*TASK DETAILS:* Would you set down the data that follows, word for word, without any pictures?

*COLLECTED MATERIAL:*
------------------------------------------------
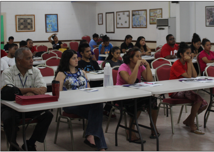
New students and academic counselors attending the New Student Orientation for Spring Semester 2015
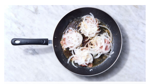
4. Smash burgers

In a large heavy skillet (preferably cast iron), melt 2 tablespoons butter over medium. Add buns , cut side down; swirl around skillet to absorb butter. Cook until light golden-brown and toasted, 1-2 minutes. Remove from skillet; wipe skillet clean. Right before cooking burgers, spread barbecue sauce on cut sides of buns. Arrange jalapeños on bottom buns.
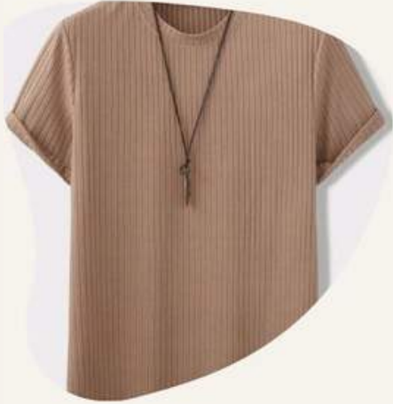
Khaki Shirt Men Solid Ribbed Knit Tee
------------------------------------------------
*RESPONSE:*
New students and academic counselors attending the New Student Orientation for Spring Semester 2015
4. Smash burgers

In a large heavy skillet (preferably cast iron), melt 2 tablespoons butter over medium. Add buns , cut side down; swirl around skillet to absorb butter. Cook until light golden-brown and toasted, 1-2 minutes. Remove from skillet; wipe skillet clean. Right before cooking burgers, spread barbecue sauce on cut sides of buns. Arrange jalapeños on bottom buns.
Khaki Shirt Men Solid Ribbed Knit Tee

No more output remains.